1. Способ обнаружения эндотоксина грамотрицательных бактерий, включающий стадии:

а) инкубации образца с р12 или р12-подобным хвостовым белком бактериофага,

б) обнаружения эндотоксина, связанного с хвостовыми белками бактериофага.

2. Способ по п.1, кроме того, при необходимости включающий в себя после стадии (а) и перед стадией (б) дополнительную стадию

а') отделения комплексов хвостовой белок бактериофага-эндотоксин от образца.

3. Способ по п.1, при котором обнаружение проводят спектроскопическими методами.

4. Способ удаления эндотоксина грамотрицательных бактерий из образца, включающий стадии:

а) инкубации образца или приведения образца в контакт с р12 или р12-подобными хвостовыми белками бактериофага, которые иммобилизованы на постоянном носителе, обеспечивающем отделение неспецифически или направленно,

б) отделения комплекса хвостовой белок бактериофага-эндотоксин от образца.

5. Способ по п.4, при котором стадии (а) и (б) выполняют проточным методом на хроматографической колонке.

6. Способ по п.4, при котором постоянный носитель представляет собой фильтрационную среду, стеклянные частицы, магнитные частицы, материалы для центрифугирования, материалы для седиментации или материалы-наполнители для хроматографических колонок, частицы агарозы, титрационные микропланшеты, проточные клеточные камеры, носители, содержащие полистирол, полипропилен, поликарбонат, РММА (полиметилметакрилат), ацетат целлюлозы, нитроцеллюлозу, стекло, силикон или агарозу.

7. Способ по п.4, при котором хвостовые белки бактериофага иммобилизованы на постоянном носителе посредством связывающих групп.
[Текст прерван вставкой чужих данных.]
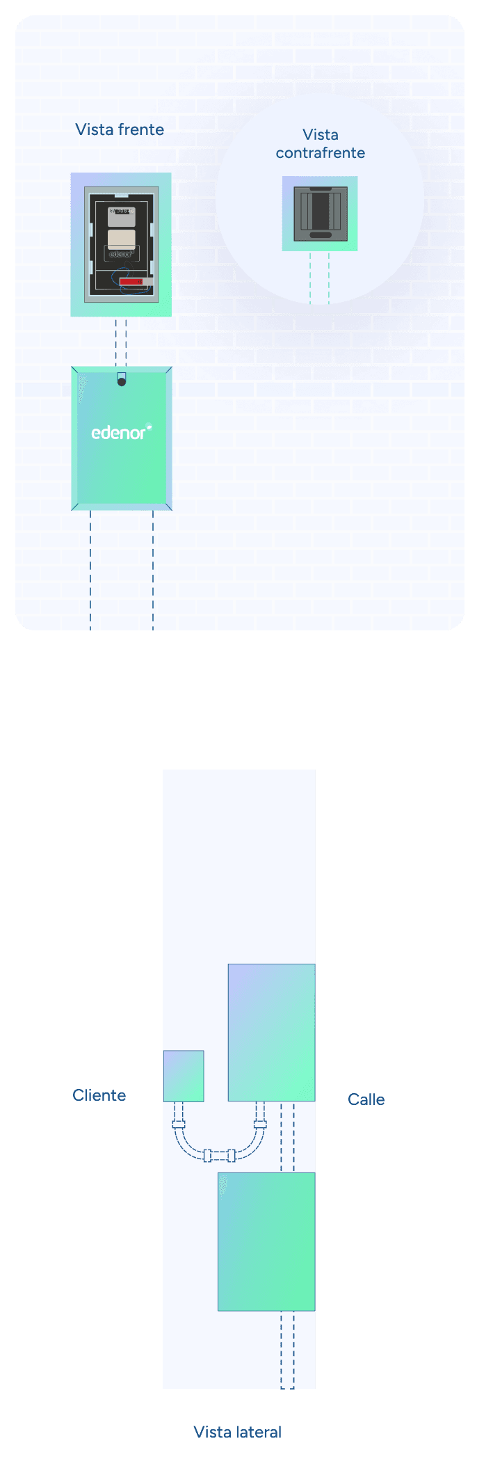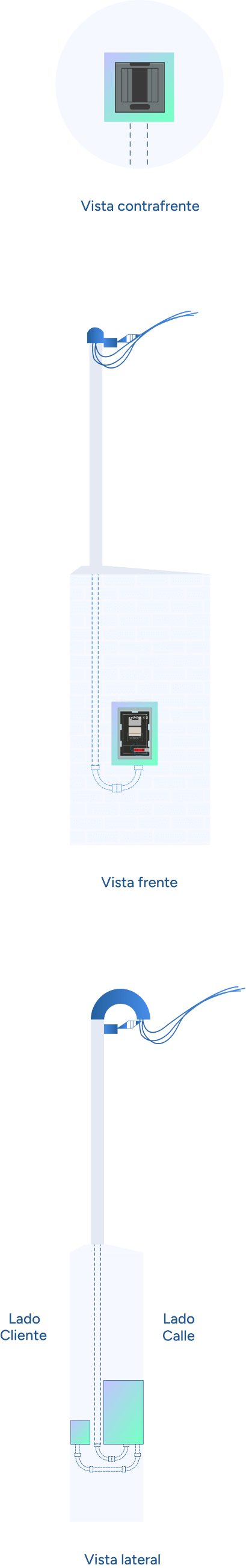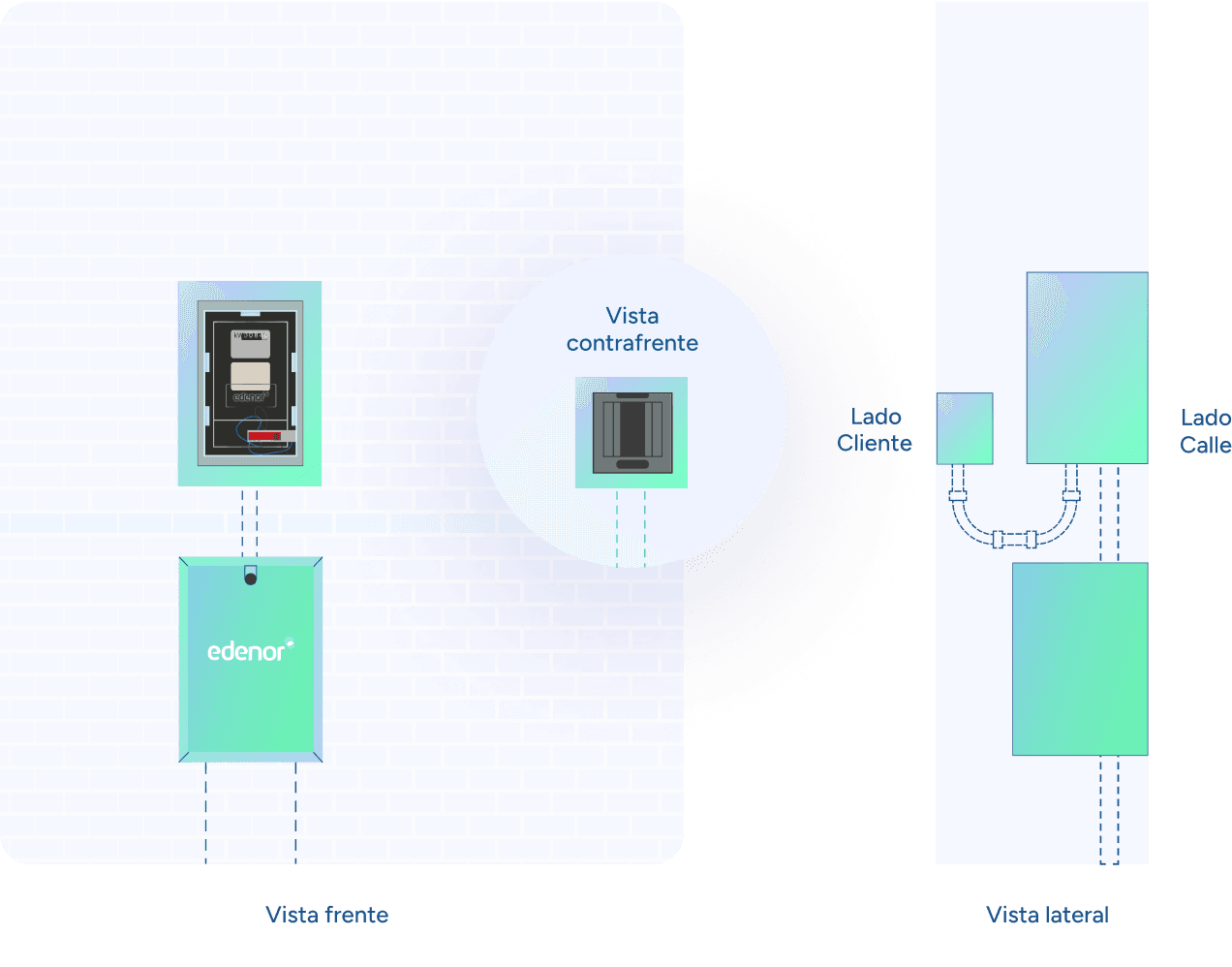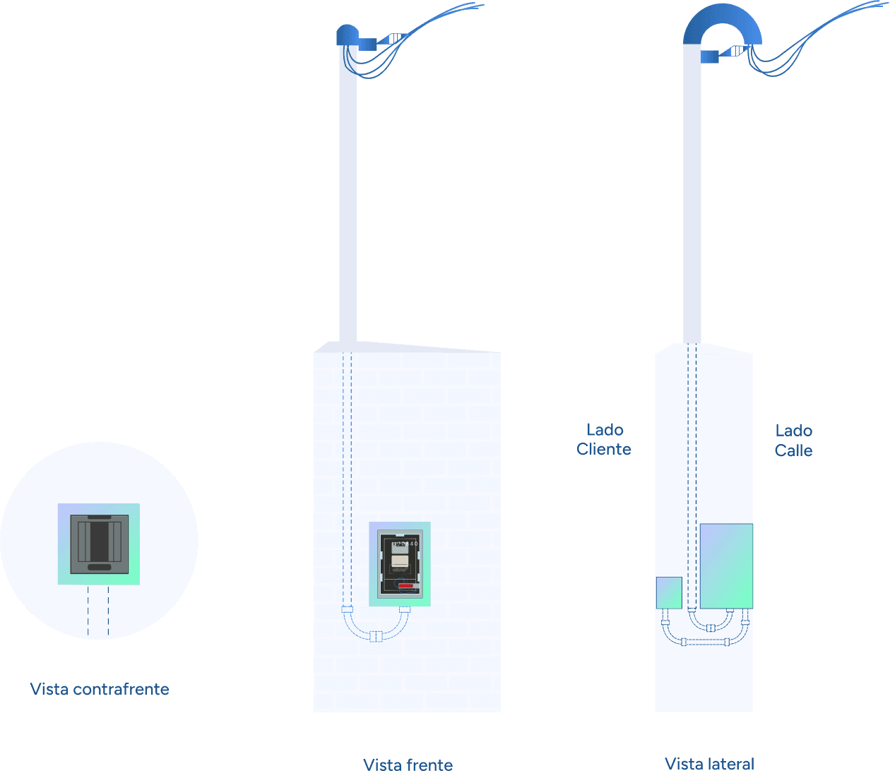 Si en el lugar donde vas a alojar el medidor ya existen otros medidores, se considera agrupado. Por lo tanto, deberás adecuar las instalaciones de acuerdo con alguno de los siguientes esquemas:

8. Способ по п.7, при котором связывающая группа представляет собой пектин, рецептор или антикалин.

9. Способ по п.7, при котором связывающая группа представляет собой стрептавидин или авидин, а хвостовые белки бактериофага связаны с биотином или Strep-tag.

10. Способ по п.4, при котором хвостовые белки бактериофага ковалентно иммобилизованы на постоянном носителе посредством химических связей.

11. Способ по любому из пп.1-10, при котором хвостовой белок бактериофага имеет Strep-tag или His-tag.

12. Способ по п.11, при котором tag имеет аминокислотную последовательность согласно SEQ ID NO: 5, 6 или 7.

13. Способ по п.11, при котором в качестве хвостового белка бактериофага используют белок р12 фага Т4.

14. Способ по любому из пп.1-10 или 12-13, при котором концентрация Са²⁺ при инкубации составляет от 0,1 мкМ до 10 мМ, а концентрация Mg²⁺ составляет от 0,1 мкМ до 10 мМ.

15. Способ по любому из пп.1-3, при котором меченый эндотоксин вытесняют из связи с хвостовым белком бактериофага и затем этот меченый эндотоксин обнаруживают.

Приоритет по пунктам:

24.06.2002 по пп.1-4, 6-15;

24.02.2003 по п.4 признак "или приведения образца в контакт с" и п.5.